A type of equity security representing company ownership. Preferred stockholders are entitled to receive dividends before common stockholders, and they have priority over common stockholders in the event of liquidation. However, preferred stockholders do not have voting rights.
There are two types of stock markets: primary and secondary.

How to Trade Stocks

After a company goes public through an initial public offering (IPO), its stock becomes available for investors to trade on a stock exchange. Investors typically use a brokerage account to sell stock on the exchange, which lists the purchasing price (the bid) or the selling price (the offer). The stock price is influenced by supply and demand factors in the market, among other variables. Every stock transaction charges a brokerage commission.

What Is the Difference Between Stocks and Bonds?

Stocks and bonds are two different types of investments. Stocks represent ownership in a company, while bonds represent a loan to a company.

  • Stockholders are owners of a company and are entitled to a share of the company’s profits, if any. They are also entitled to vote on important corporate matters, such as the election of directors and the approval of major corporate actions. However, stockholders do not have a guarantee of return on their investment. The value of their stock can go up or down, and they may even lose all of their investment if the company goes bankrupt.
  • Bondholders are creditors of a company and are entitled to interest payments and repayment of the principal invested. They have a priority over stockholders in the event of bankruptcy. Bondholders will be paid first if the company’s assets are liquidated. However, bondholders do not have any ownership in the company.

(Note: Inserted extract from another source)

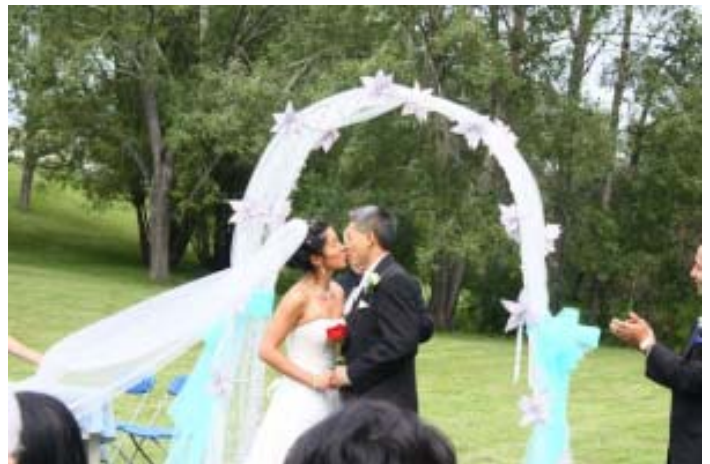
A memorable moment!

In general, stocks are considered to be riskier investments than bonds. This is because the value of stocks can go up or down and there is no guarantee of a return on investment. Bonds are considered to be safer investments, but they offer lower returns.

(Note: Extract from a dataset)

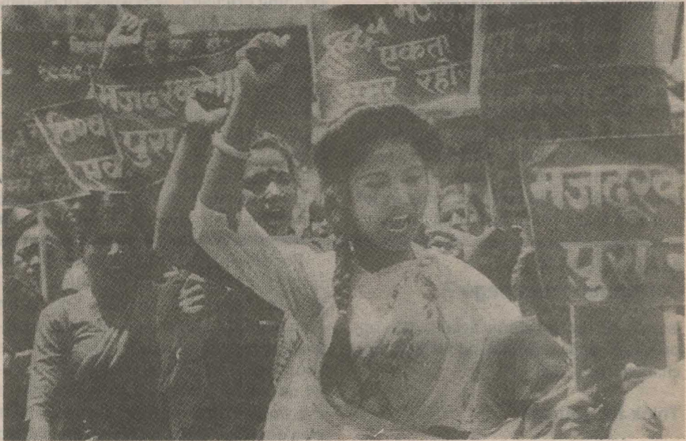
Women march in Katmandu in what's reported to be the first May Day rally in Nepal's history.
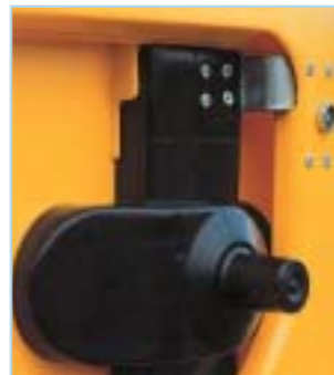
Lid lock integrated into the hinge

Once a yellow bag is placed in an OTTO Clinical Waste Container and the lid lock snaps shut, it need not be handled again. The container is secure and mobile, from ward or surgery to the incinerator – no secondary handling. A closed cycle in the fullest sense.

Watch this video for more information.


Investments: Mutual Funds

A mutual fund is an investment portfolio comprising stocks, bonds, or other assets. Mutual funds are created and managed by mutual fund companies, brokerages, or banks.

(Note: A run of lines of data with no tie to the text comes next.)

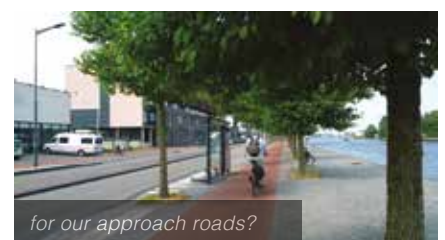
for our approach roads?
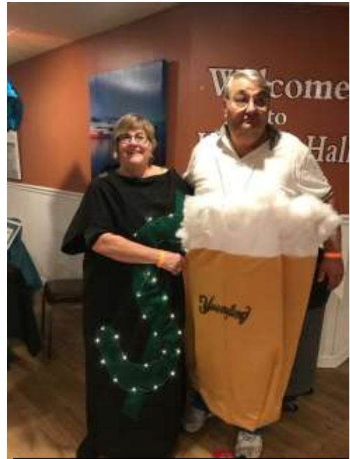
$ DRAFTS HERE
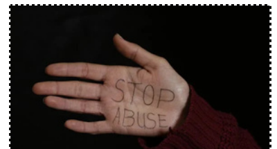
UN Sustainable Development Goal 5
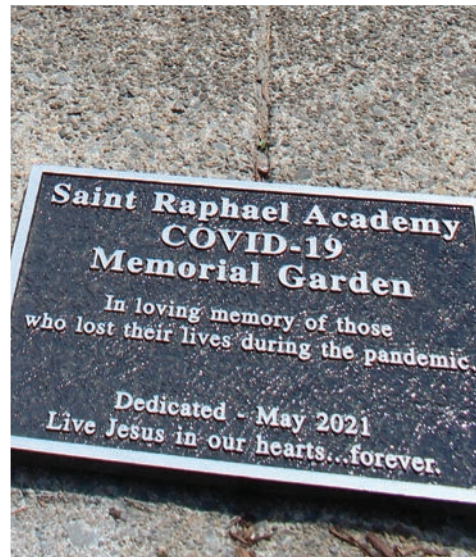
A garden dedicated to those lost from COVID was dedicated outside the former Brothers' residence on Walcott Street.
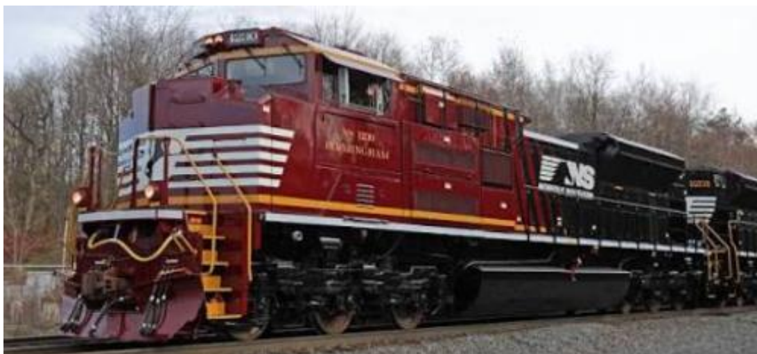
NS 1230 Locomotive

And if that weren't enough right now, we also we have the potential merger with Union Pacific and Norfolk Southern. We all know that could potentially lead to additional paint schemes or heritage units.

Advantages of Investing in Mutual Funds

  • Diversification: Mutual funds allow small or individual investors to access a diversified portfolio of assets, which can help reduce risk.
  • Professional management: Mutual funds are managed by professional investment managers with the expertise to select and manage a diversified portfolio.
  • Low transaction costs: Mutual funds typically have lower transaction costs than individual stocks or bonds.
  • Index funds: Index funds are mutual funds that track a specific market index, such as the S&P 500 and the Dow Jones Industrial Average. Index funds are a good option for investors who want to follow the market and minimize transaction costs.
  • Retirement savings: Mutual funds are a popular way to save for retirement. Many employer-sponsored retirement plans, such as 401(k)s and IRAs, offer mutual funds as investment options.

Return From Investing in Mutual Funds

Mutual funds can generate returns through two main channels:

  1. Dividend distribution: Mutual funds may distribute dividends to shareholders. Dividends are a company’s payments to its shareholders out of its profits.
  2. Capital appreciation: The value of a mutual fund’s shares may increase over time. This is known as capital appreciation.

Diversification Among Mutual Funds to Lower Risk

Diversifying investments among different types of mutual funds is important to reduce risk. For example, you could invest in a mix of stock funds, bond funds, and money market funds. You could also diversify your investments among mutual funds from different countries.

Watch this video for more information:


Investments: Futures

Futures are a type of derivative contract that allows you to buy or sell an asset at a predetermined future date for a set price.

Example:

You could buy a futures contract for May 2024 wheat in July 2023. This means you would agree to buy wheat at a set price in May 2024, even though the wheat does not exist yet.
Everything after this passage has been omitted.